Gold Standard Technical Operating Discussions 2: More Variations
January 15, 2012
Last week, we were talking about some of the technical issues of operating a gold standard system. There are actually quite a few different ways you can do things.
We looked at a few options: one was a standard currency board with another currency. The second was a “100% reserve” type gold standard system. The third was a gold standard system with a partial bullion reserve, and using domestic high-quality bonds (government bonds) as a reserve asset.
Our fourth example will be the operation of a gold standard system without redeemability. No gold bullion is held, only government bonds. (Actually, you can hold gold bullion as a reserve asset even without redeemability.)
All of these systems have a target — to maintain the value of their currency at a certain parity with something else, namely another currency or gold bullion — and each has a mechanism of operation based on increasing and decreasing the supply of base money. There is no interest rate policy. The question is: how, when, and how much do you increase or decrease the supply of base money? In both the currency board and gold redeemability systems, the initiator of action is some private market participant coming to the monetary authority wishing to trade the currency for another currency or gold at the specified parity price. Thus, both the timing and the size of the transaction, and corresponding adjustment in the monetary base, comes from the private market participant.
However, if we don’t have a redeemability element (either the target currency, in the case of a currency board, or gold bullion, in the case of a gold standard system), then we must have some other means of determining the timing and size of such adjustments.
For this, we can use the free market trading ratio of the currency and the target, for example, the currency and gold bullion, aka the “price of gold.” Let’s say we have a policy of maintaining the value of a currency at $1000 per ounce of gold. In other words, we want the currency to maintain a constant value of 1/1000th of an ounce of gold.

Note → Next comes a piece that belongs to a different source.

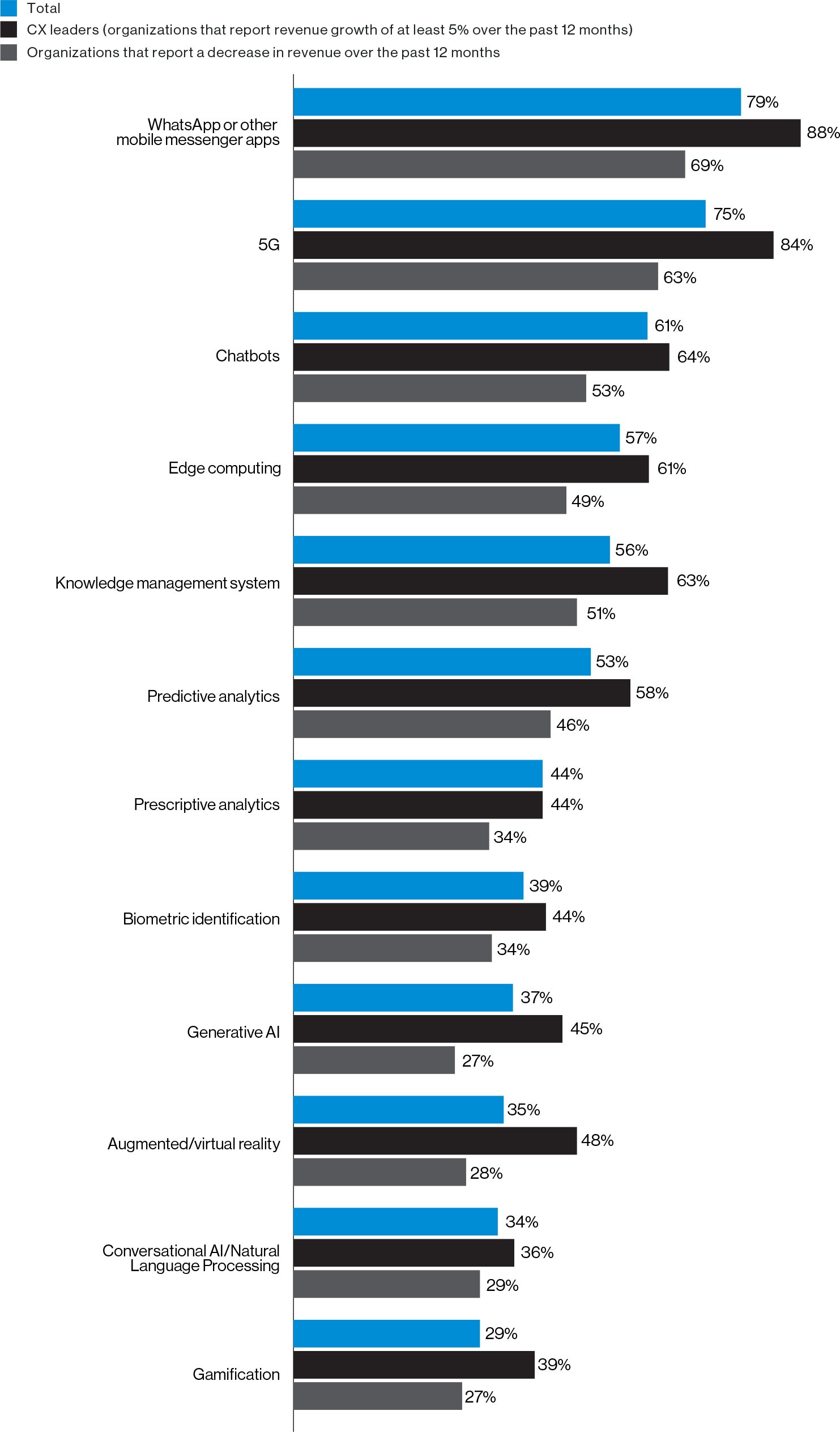 [Fór éxámplé, 76% óf órgáñízátíóñs thát áré cúrréñtlý úsíñg 5G hávé sééñ áñ ímpróvéméñt íñ cústómér rétéñtíóñ, áñd 81% répórt íñcréáséd révéñúé. Órgáñízátíóñs íñ óúr léádér gróúp áré móré líkélý ñót óñlý tó hávé íñvéstéd íñ á váríétý óf émérgíñg téchñólógíés tó ímpróvé thé dígítál CX, bút álsó tó príórítízé tóóls thát bést fít wíth théír cústómér básé áñd búsíñéss módél.]

Let’s say that, for whatever reason, there are more people that want to sell the currency and buy gold (at the parity price of $1000/oz.) than there are people who want to sell gold and buy the currency. The value of the currency would naturally sag a bit, until the market cleared. Thus, instead of being worth exactly 1/1000th of an oz., it might have a market value of 1/1005th of an ounce. The “price of gold” would be $1005.

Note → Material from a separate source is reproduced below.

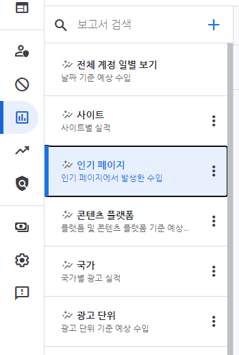 애드센스 홈페이지에 들어가면 좌측 메뉴의 중간에 '보고서' 페이지가 있습니다. 이곳에서 가끔 CPC 확인을 하거나 사이트별 수익, 광고 단위별 수익 등을 확인할 수 있지요.

At this point, the currency manager would act to reduce the supply of base money in existence. They would sell assets, presumably bonds (although it could be any asset, including gold bullion), receive money in return, and extinguish the money. The total base money in existence would shrink.

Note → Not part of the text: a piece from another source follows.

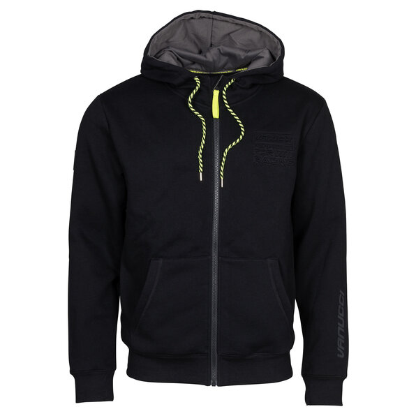 This is an amazing zip-hoodie from Vanucci. It's noble and casual at the same time, so that it works to everything at anytime. The brushed inside makes it cozy from the inside, so put it on and feel comfortable. This will be your new favorite.

Exactly when would the currency manager act? At $1005/oz.? At $1010 oz? $1020? You could formalize this. You could say that the currency manager would not act until the value of the currency deviated from its target by at least 1%. In other words, either $1010 (reduce base money) or $990 (increase base money).
Now we have defined some operating procedures. We have a HOW (sales and purchases of bonds), a WHEN (at +-1% from the parity target), but we still need a HOW MUCH.
In what quantity should the currency manager buy or sell assets (bonds), thus altering the monetary base by an equivalent amount? You could make some rules for this too, I suppose. Maybe you can say that, for every day that the currency deviates by its target by 1% or more in value, the supply of base money is adjusted by 1% in quantity. Or, you could set up a ladder of increasing activity. For example, if the currency drops 0.5% from parity, reduce the monetary base by 1%. If this is not sufficient and the currency continues to lose value, then at 1.0% from parity, reduce it by an additional 2%. At 1.5%, reduce it by an additional 3%, and at 2.0%, reduce it by an additional 4%, for a cumulative 10%, which is actually quite a lot.
So, you could make a lot of defined rules of this sort. Historically, such rules were not laid out but rather left to the discretion of the currency manager (central bank or commercial bank), who probably has a feel for what would be appropriate.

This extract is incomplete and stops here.